Health care use projected to normalize after decline in 2020; remaining federal supplemental spending expected to decrease through 2024
FRIDAY, April 1, 2022 (HealthDay News) — The health and economic impact of the COVID-19 pandemic is expected to lessen in the coming years, according to a study published online March 28 in Health Affairs.
John A. Poisal, from the Centers for Medicare & Medicaid Services in Baltimore, and colleagues examined the expected influence of the COVID-19 pandemic on the near-term outlook for national health spending and enrollment.
The researchers note that as federal supplemental funding was expected to decline substantially relative to 2020, the growth in national health spending was expected to have decelerated from 9.7 percent in 2020 to 4.2 percent in 2021. After the declines observed in 2020, health care use is expected to normalize through 2024; health insurance enrollments are anticipated to evolve toward their distributions in the prepandemic period, and the remaining federal supplemental spending is expected to decrease.
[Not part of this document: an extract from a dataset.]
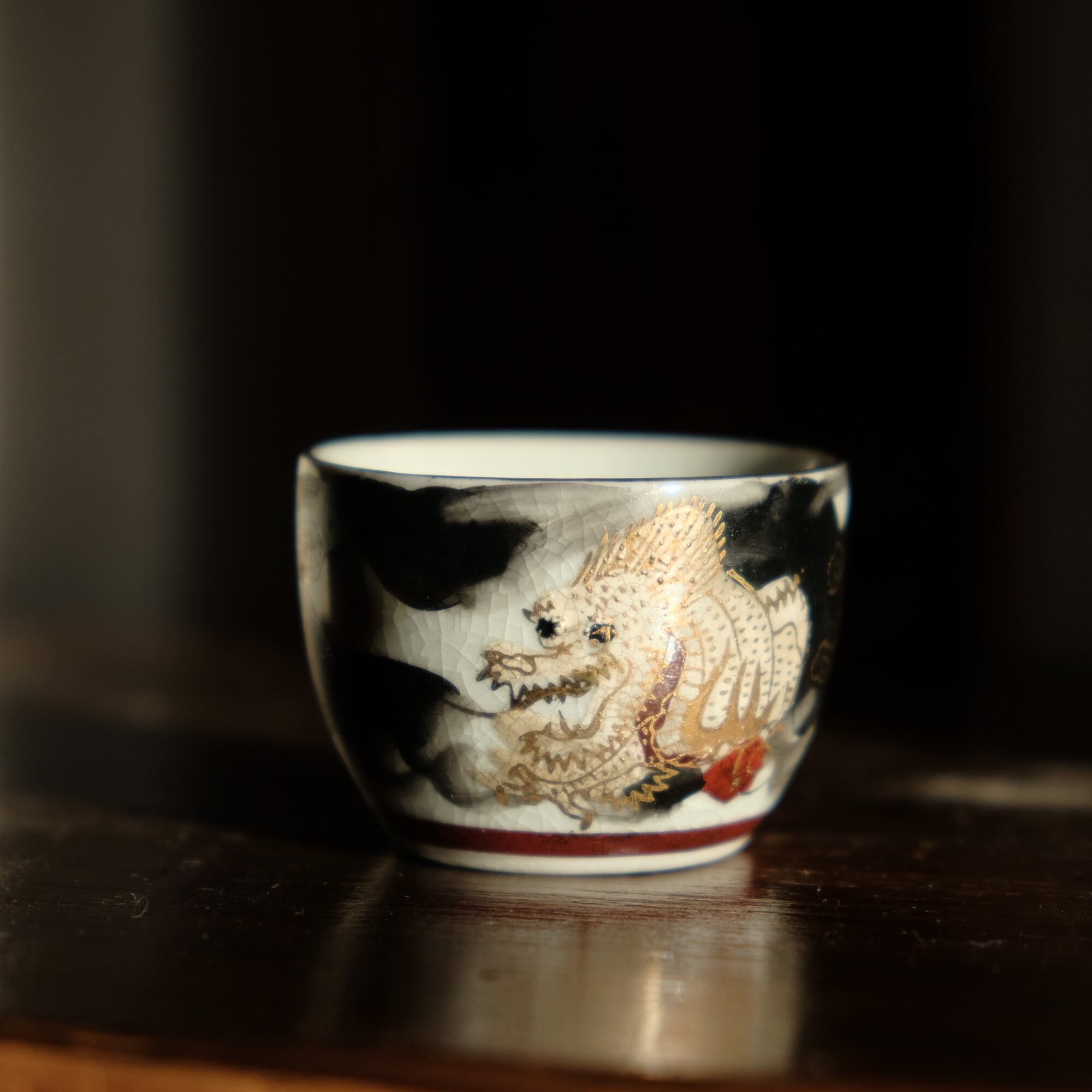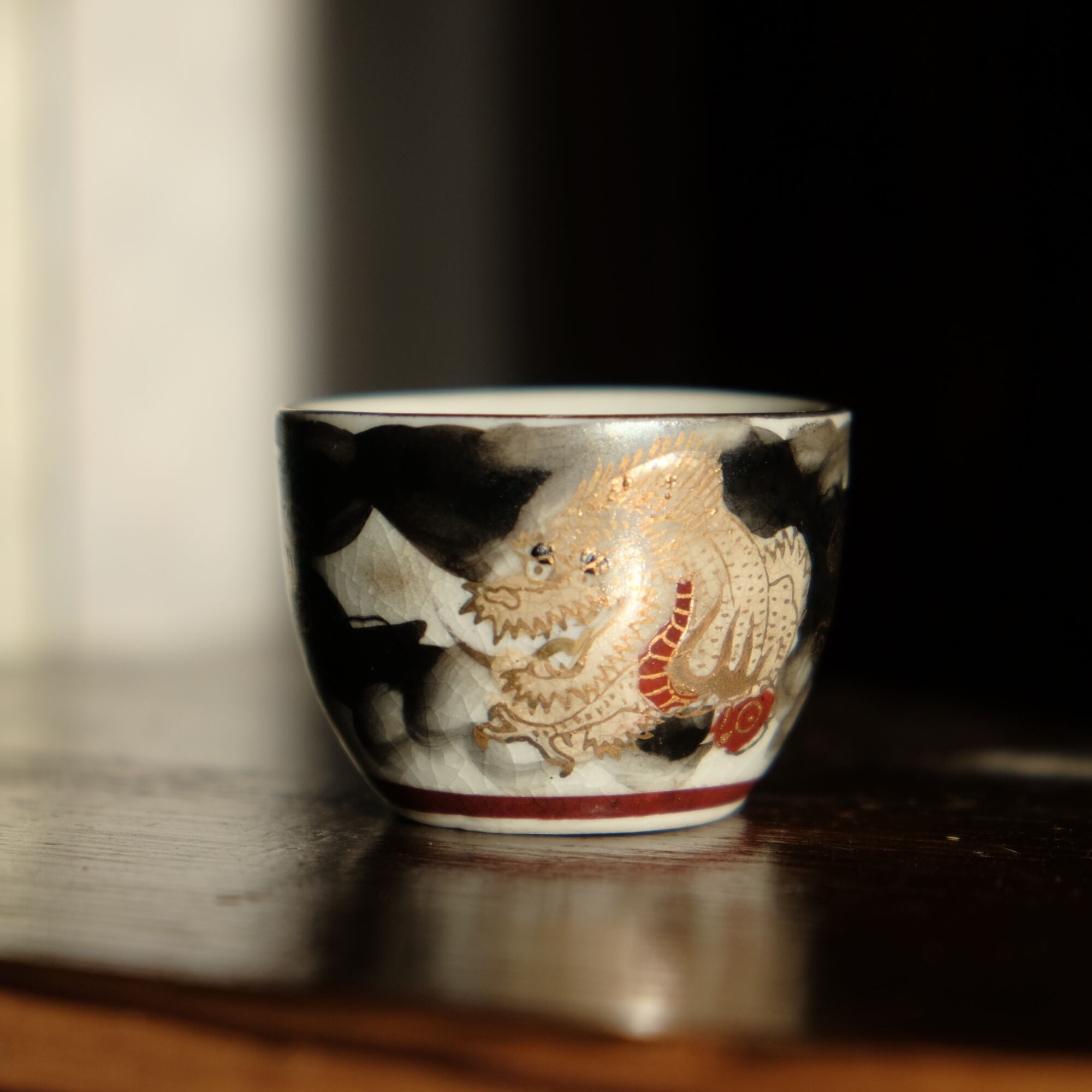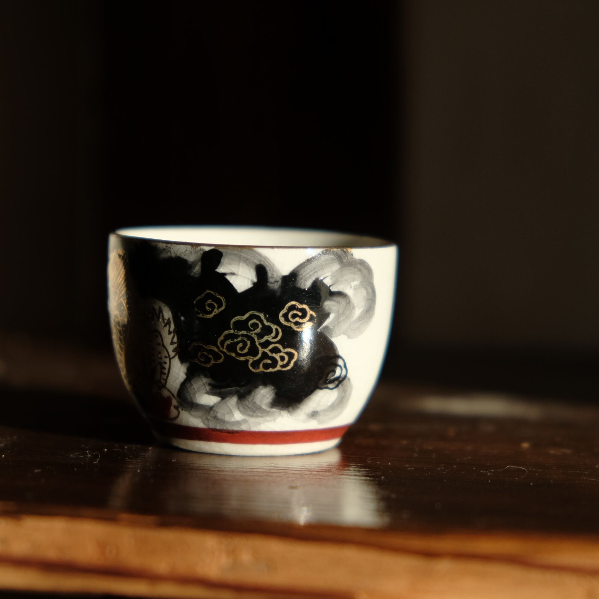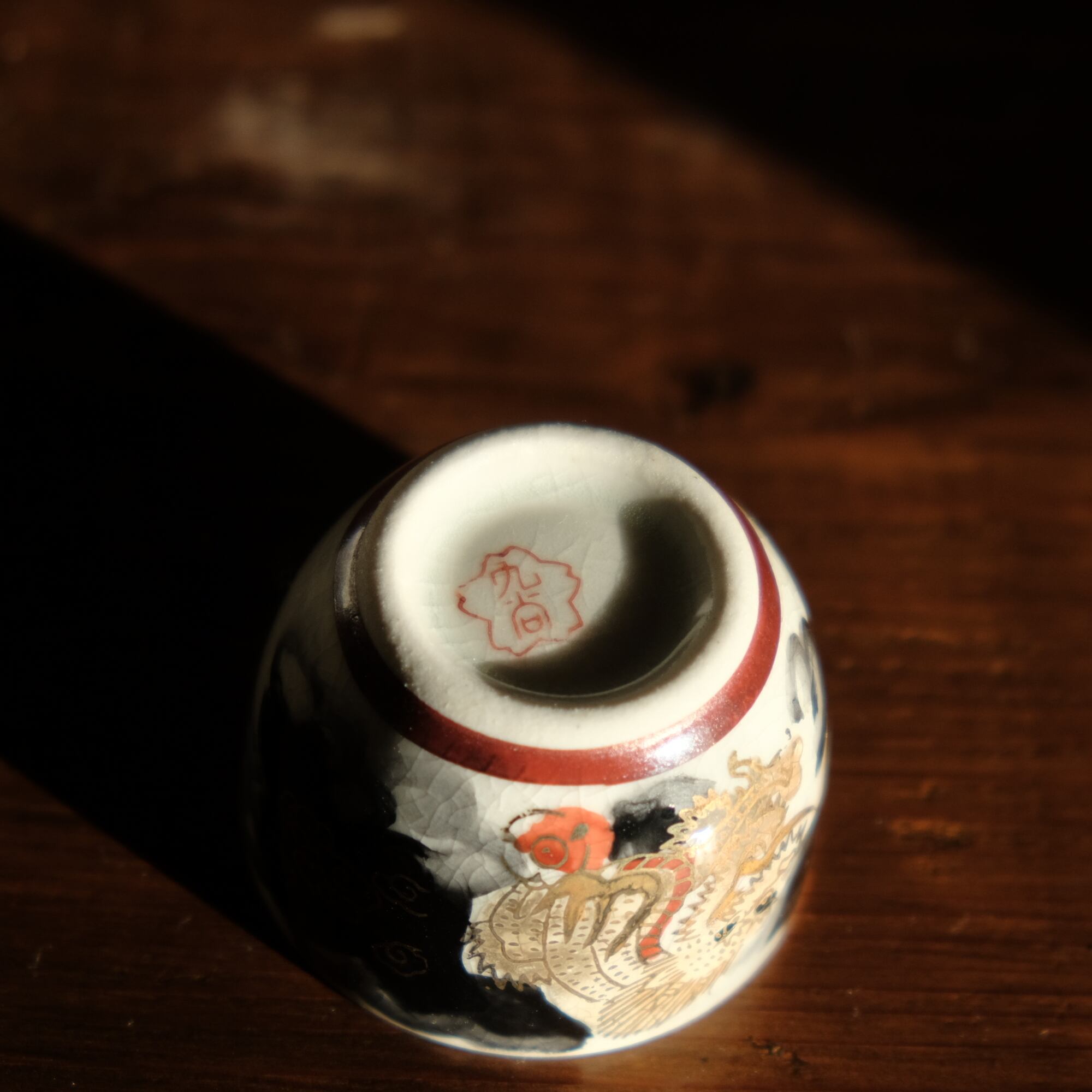 豪快な龍◆黒と金の雲。九谷焼 龍文色絵金彩猪口 酒器 古民家 工芸品 インテリア 昭和期

For much of this period, economic growth is expected to outpace health spending growth, leading to a decrease in the projected health share of gross domestic product (GDP), from 19.7 percent in 2020 to just over 18 percent in 2022 to 2024. Factors that typically drive changes in health spending and enrollment, including economic, demographic, and health-specific factors, are expected to be the main influences on trends in the health sector for 2025 to 2030. The health spending share of the GDP is expected to reach 19.6 percent by 2030.
“While there is still considerable uncertainty around the COVID-19 pandemic, its related health and economic impacts are projected to lessen in the next few years,” Poisal said in a statement.